My daughter and I went on to discuss what Sir Ken Robinson says in the rest of the book, which is that we all have things we like to do, and we also have things we are good at, and it’s when those two things come together – what we like and what we are good at – that we find our true purpose. Sometimes we like something, like running fast, but we aren’t naturally “good” at it, so it takes effort.
I said to her, “You are good at math.”
She said, “But I don’t like it.”
I said, “Right. Because you don’t like it, math feels like work. But you are good at swimming. And you like it. So swim practice doesn’t feel like work, does it?”
After our conversation, I couldn’t helping thinking how everything seems possible when we are very young. Then, as life goes along, possibilities fall away, kind of like the booster rocket on a space shuttle, except over and over.
This is sad and unjust if opportunities are striped away not due to our own momentum through life, but instead due to barriers or discriminations – social, economic, historic.
If this is not the case, however, then it can feel good to travel light.
Take the running, for example. I was not born to be a runner: I have bunion-prone feet and tweaky knees, short legs and a large bust relative to my stature, none of which helped with running. But I did enjoy it. I liked it so much that I ran for sixteen years, and in several countries. My stubborn endurance carried me through the Chicago Marathon in 3:52. Then my feet, which had never liked the running as much as I did, finally had enough.

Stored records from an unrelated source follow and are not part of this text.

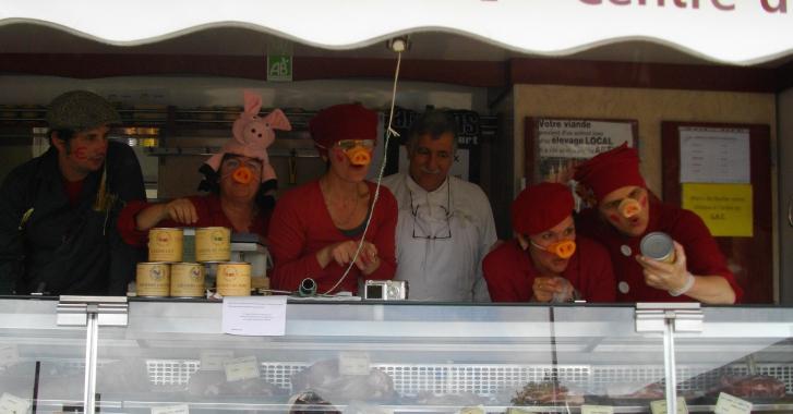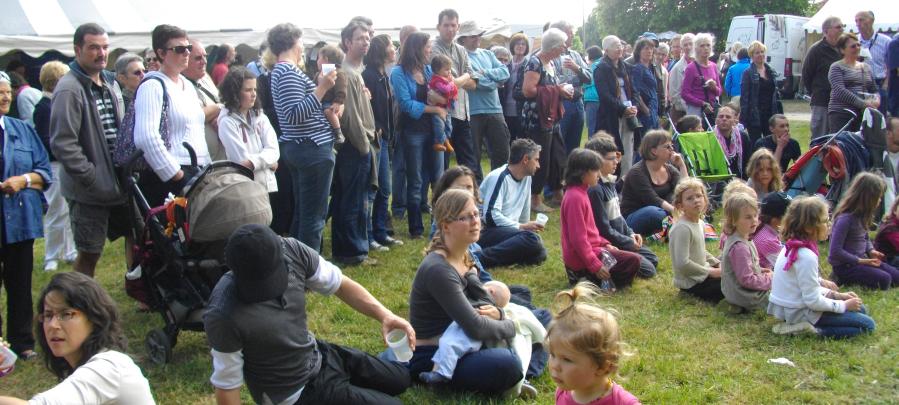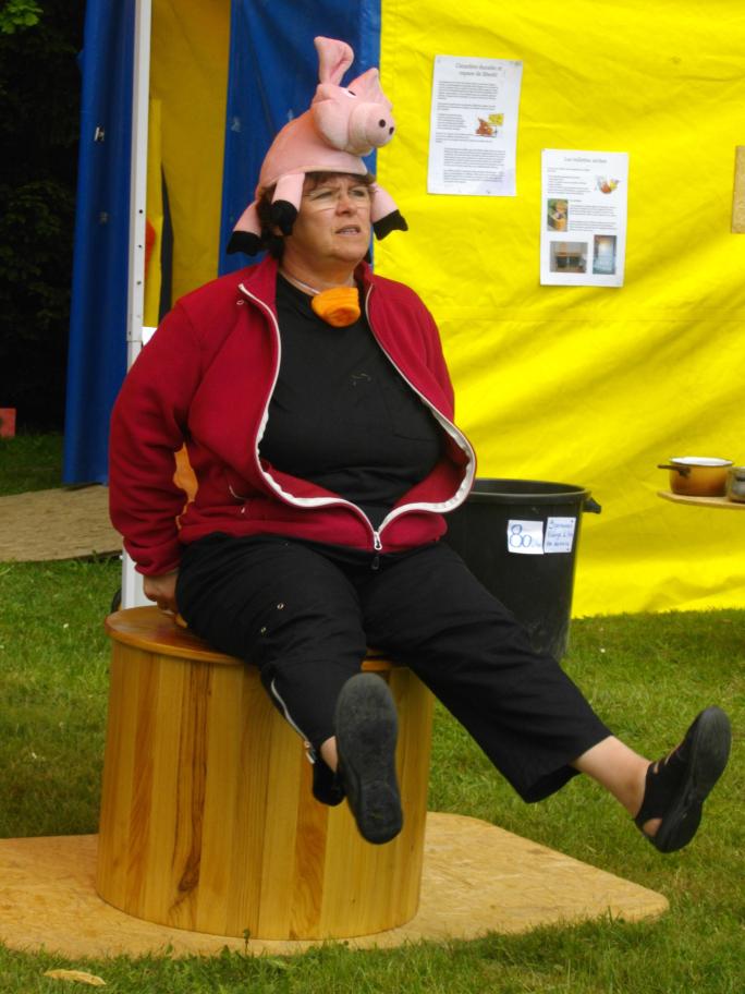 Dehors, les enfants apprennent à grimper de gros blocs de granite, certains s'amusent dans une aire de jeux pleine de paille (ça change des piscines de boules en plastique...). Dans la yourte Elisabeth Troestler conte ses histoires de l'an 2050 quand les grands mères vivent dans des bulles de plastique de centres de recyclage et se nourrissent de dessins d'enfants. Les truies du porcher sont installées dans la boutique ambulante du CAT de Scaer qui vend du cochon bio, et la brigade d'intervention poétique, sous un grand parasol jaune qui se déplace dans la foule chante ou récite des textes aux badauds étonnés, souvent conquis.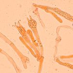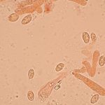 8–11 × 4–6 µm, elipsasti, gladki, brezbarvni. Trosni prah je bel.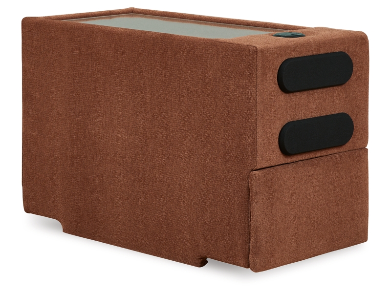 - Console with plexiglass top; pull-out drawer for storage; built-in audio sound system with wireless connectivity; audio controls located on console; USB charging

So I moved on to hiking. Hiking requires more endurance than speed, so it’s a way better fit. So is yoga. And my body feels so much healthier.
Now that I no longer have to worry about running marathons, or becoming a scientist, President of the United States, or CEO of a tech company, I have so much more energy and attention for my writing.
Of course there are some regrets. I would have liked, for example, to be a journalist. If I’m honest with myself, however, I have to admit I don’t like working all night for a deadline or being away from home very long. So even if I had been good at journalism, which I suspect I might have been, I probably wouldn’t have liked it. On the other hand, I’ve discovered that I do like working long hours all by my lonesome, which dovetails nicely with… novel writing!
It’s kind of a relief to look at life this way. Instead of being burdened with what we’re not particularly good at, or don’t really like, we can pay more attention to our passions.
Anyhow, the next day Coco told me she wasn’t as frustrated about the running. “Some days I’m more upset about it than others,” she confided. Then she went on to tell me that she’d been put into a reading group with other “book worm” girls.
“I’m a good reader,” she said. “And I like it.”
Some things fall away; others become clear.